Zakhidov’s annual citations—a yardstick by which the quality of research is often measured—have increased in the past decade from about 200 per year to more than 800 annually. Thirty of his 240 publications have been cited at least 30 times.
“The American Physical Society limits the number of fellows to 0.5 percent of its membership,” said Dr. Myron Salamon, dean of the School of Natural Sciences and Mathematics. “The naming of Professor Anvar Zakhidov as a fellow in the society is a distinct honor.”
Dr. Ray Baughman, director of the NanoTech Institute and also an APS fellow, calls Zakhidov a “giant of physics.”
“I, along with his many other friends in the scientific community, am so happy that Anvar has received this great honor,” Baughman said. “He has made a host of seminal breakthroughs in diverse areas of science and technology and has achieved this by being a world-class experimentalist, theorist, leader and teacher.”

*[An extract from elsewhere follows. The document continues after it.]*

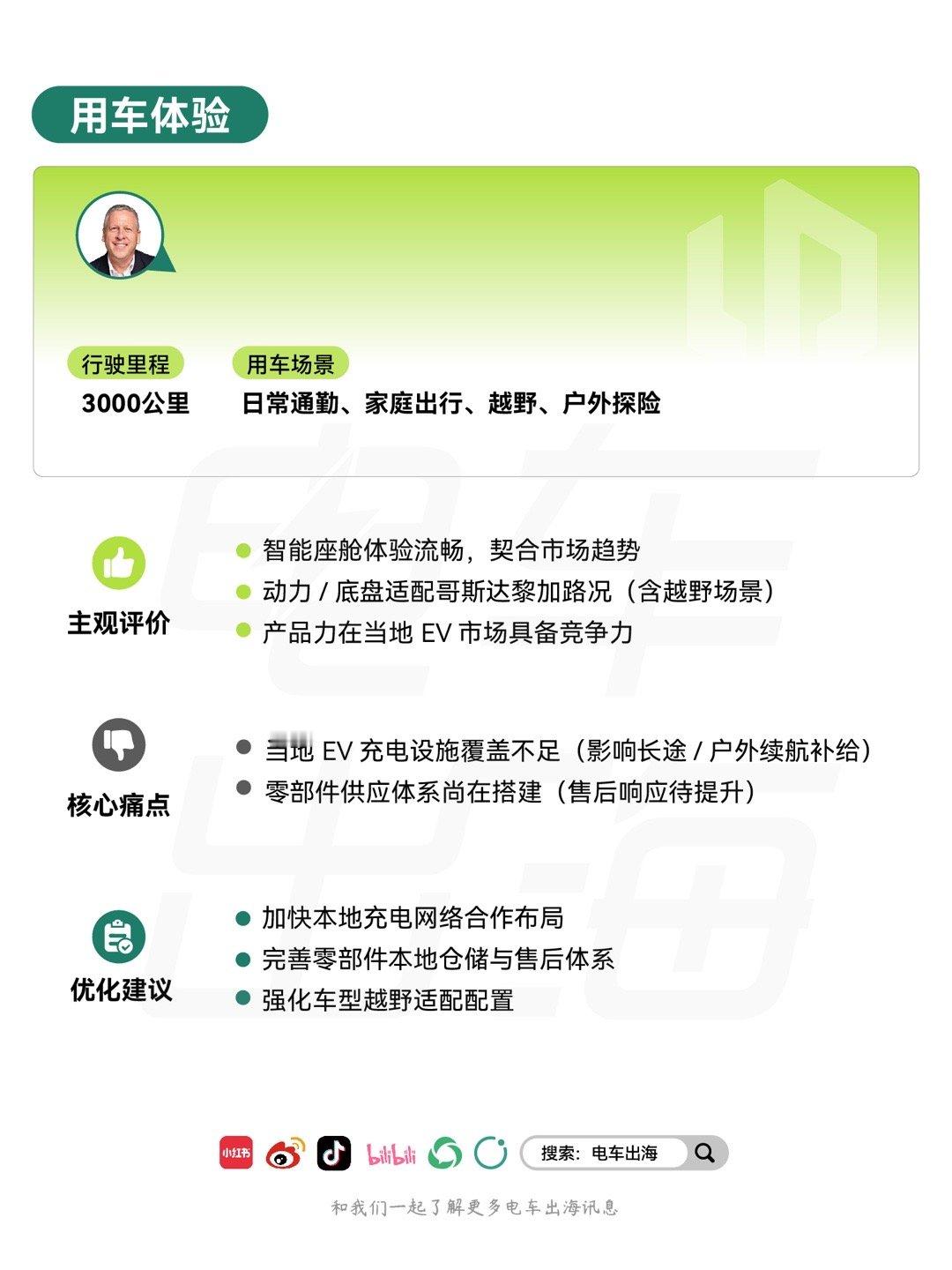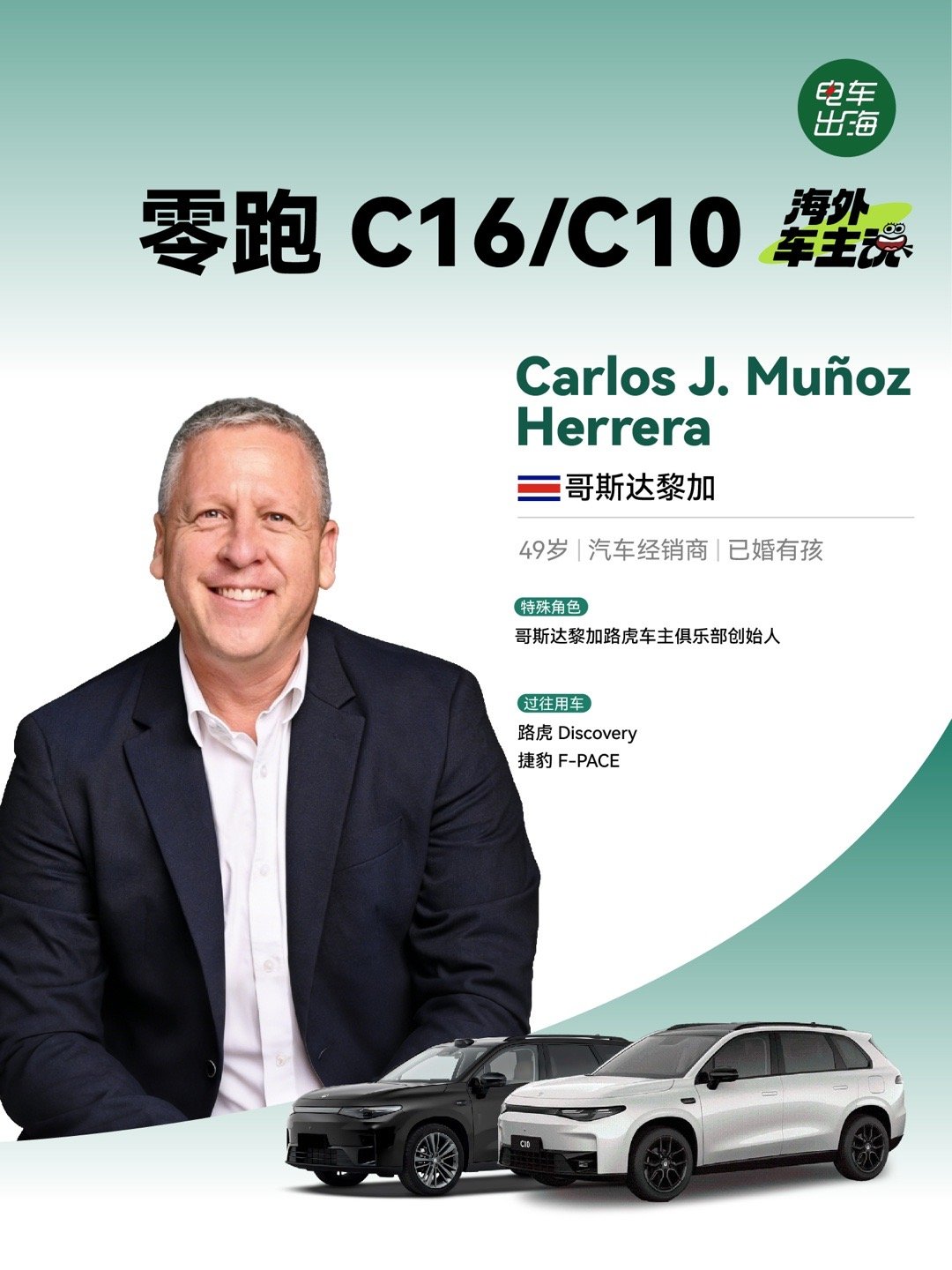 【海外车主说丨零跑C16/C10成拉美路虎老板新欢】车主:Carlos J. Muñoz Herrera国家:哥斯达黎加🇨🇷个人情况:汽车经销商,哥斯达黎加路虎车主俱乐部创始人,已婚有孩对比车型:路虎Discovery,捷豹F-PACE过往用车:比亚迪Atto 3,捷途大圣i-DM了解渠道:内部业务对接购车方式:品牌内部体验购车购车理由:1. 深度参与零跑哥斯达黎加布局,认可产品技术;2. 车型适配其越野 + 家庭的用车场景;3. 契合自身对新能源车型的体验需求。用车场景:日常通勤、家庭出行、越野、户外探险主观评价:1. 智能座舱体验流畅,契合市场趋势;2. 2动力 / 底盘适配哥斯达黎加路况(含越野场景);3. 产品力在当地 EV 市场具备竞争力。核心痛点:1. 当地 EV 充电设施覆盖不足(影响长途 / 户外续航补给);2. 零部件供应体系尚在搭建(售后响应待提升)优化建议 1. 加快本地充电网络合作布局;2. 完善零部件本地仓储与售后体系;3. 强化车型越野适配配置能得到路虎捷豹车主的认可,零跑的海外路越走越宽了。欢迎加入电车出海海外车主群,一起交流讨论。电车出海海外车主说零跑c10

Zakhidov graduated magna cum laude from Tashkent Technical University in Uzbekistan in 1975. He obtained his master’s in physics in 1977 and doctorate in physics (optics) from the Institute of Spectroscopy of USSR Academy of Sciences in Moscow in 1981. He spent five years (1990-1995) as visiting professor in Japan, and a year in Bologna, Italy, at the Institute of Molecular Spectroscopy.
From 1996 March until July 2000, Zakhidov was a senior principal scientist working with advanced materials at Honeywell Inc. (formerly AlliedSignal), where he worked closely with Baughman. He joined UT Dallas in 2001 to co-found the NanoTech Institute. He serves as its associate director.